This story is from July 9, 2017

How much is Air India really worth? Investment bankers weigh in

Air India enjoys a near-monopoly in ground handling as Indian rules allow only three players in each airport and AI is one among the three in every airport in India.
How much is Air India really worth? Investment bankers weigh in
There is no doubt about the difficulties in turning Air India around. Managing public opinion, when selling the national flag carrier with strong and litigious trade unions, is foremost.
(This story originally appeared in on Jul 9, 2017)
Air India’s Staff Colony-II in Kalina is separated from the Mumbai International Airport to its north by a public road and the airport’s boundary wall. The tree-lined road, aptly named Air India Road, passes the Air India Sports Club and one more colony of the airline, as well as an Air Force colony and a graveyard that lies inside the airport, skirting the boundary wall all the way to Kurla.

Inside the colony (Air India has two more colonies in the Kalina area), rows of buildings are arranged along with parks for children, a playground and plenty of greenery. The hunky-dory feel, however, gives way when one takes a closer look at the buildings. The ground-floor flats, which were prone to flooding, are unoccupied. The Mithi river flows under the airport and to the east of the colony. After the devastation of the 2005 Mumbai floods, when doors had to be broken to rescue kids trapped inside, the ground-floors flats were abandoned.
They look haunted now. Adding to the atmosphere, just across the airport wall stands a single aircraft — permanently parked, the United Breweries logo clearly visible from the colony — reminding all about liquor baron Vijay Mallya, and how an airline (Kingfisher) can sink and take a lot more down with it. The colony is in many ways a nice analogy for Air India — some nice parts, some untouchables and a looming uncertainty. The airline has some great assets (land worth Rs. 8,000 crore), some profitable businesses in subsidiaries (budget operator Air India Express which connects India to the Gulf turned in a profit of Rs.297 crore last fiscal), huge debt on its books (Rs. 53,000 crore) and therefore a loss-making mainline operation.
Can privatisation turn around the government owned flag-carrier?
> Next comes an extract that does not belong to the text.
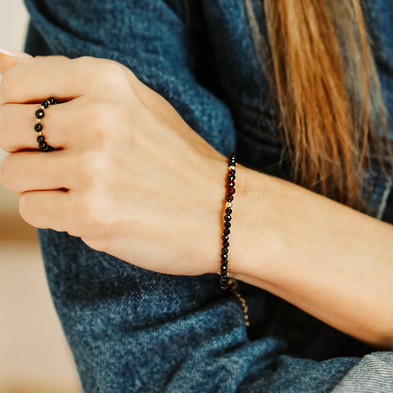 Czarny spinel, o pięknym połysku i kulkowym kształcie, symbolizuje siłę, odporność i równowagę. W starożytności wierzono, że spinel chroni przed negatywnymi wpływami i wspiera zdrowie fizyczne i psychiczne. W połączeniu z błyszczącym srebrem, spinel tworzy elegancki i harmonijny duet, dodając bransoletce niezwykłego wdzięku.

Does Indigo, the crown jewel of Indian aviation sector today, or the Tatas, who had started the airline seven decades back, have it in them to take on the challenge (Indigo has clarified that they would be interested in Air India’s international operations, including Air India Express)? There can be many answers. Here’s one:
“To turn around an old legacy airline that has never made a profit is a challenging job even for the smartest owners… unless given a free hand to make changes, the airline is untouchable,” says Nirmalya Kumar, a former senior executive with the Tatas and now a professor at Singapore Management University and INSEAD Emerging Markets Institute.
Maharaja, Name Your Price
There is no doubt about the difficulties in turning Air India around. Managing public opinion, when selling the national flag carrier with strong and litigious trade unions, is foremost. The government started the work early by pressing ministers, secretaries and the
NITI Aayog into service, talking on behalf of getting rid of the aviation behemoth from the government books. There is more consensus to build still, even within the government. While NITI Aayog is taking the lead, says an investment banker who has started doing the rounds of government offices to get a sense of what the government wants, the Department of Investment and Public Asset Management (DIPAM) is still wearing the protectionist hat. There is no dearth of opinions on Air India.
Veteran investment banker Ajay Garg, founder and managing director of Equirus Capital, feels Air India should have been privatised with its market share intact. Today it has only 14 per cent of the domestic market and 44 per cent of the international (among Indian carriers). “In a high operating cost business, once you lose market share it is difficult to come back. Air India should have been privatised when the aviation sector was opened up.” He takes the example of how MTNL and BSNL would have fetched a huge valuation if privatised at the time of opening up the telecom sector. Even if opinion is managed, pathway to a fair value estimate for the airline is muddied.
Air India is not listed and has not published its annual report for the last two financial years. In a report dated June 30, ICICI Securities analyst Anshuman Deb estimated the earnings before interest, tax, depreciation, amortisation and rent (EBITDAR) of Air India for 2016-17 at Rs. 3,500-4,000 crore using older numbers and accounting for the drop in fuel prices in the last two years that has buoyed the industry. Deb has used the ratio of EBITDAR margins to enterprise value (EV, which is based on share price) of listed aviation entities like Jet Airways (4) and Indigo (7.6). Applying the same ratios to the Air India EBITDAR, he arrived at an enterprise value for Air India in the range of Rs. 16,000 crore to Rs. 30,000 crore. The average EBITDAR to EV value for full-service Asian flag carriers is 6.5.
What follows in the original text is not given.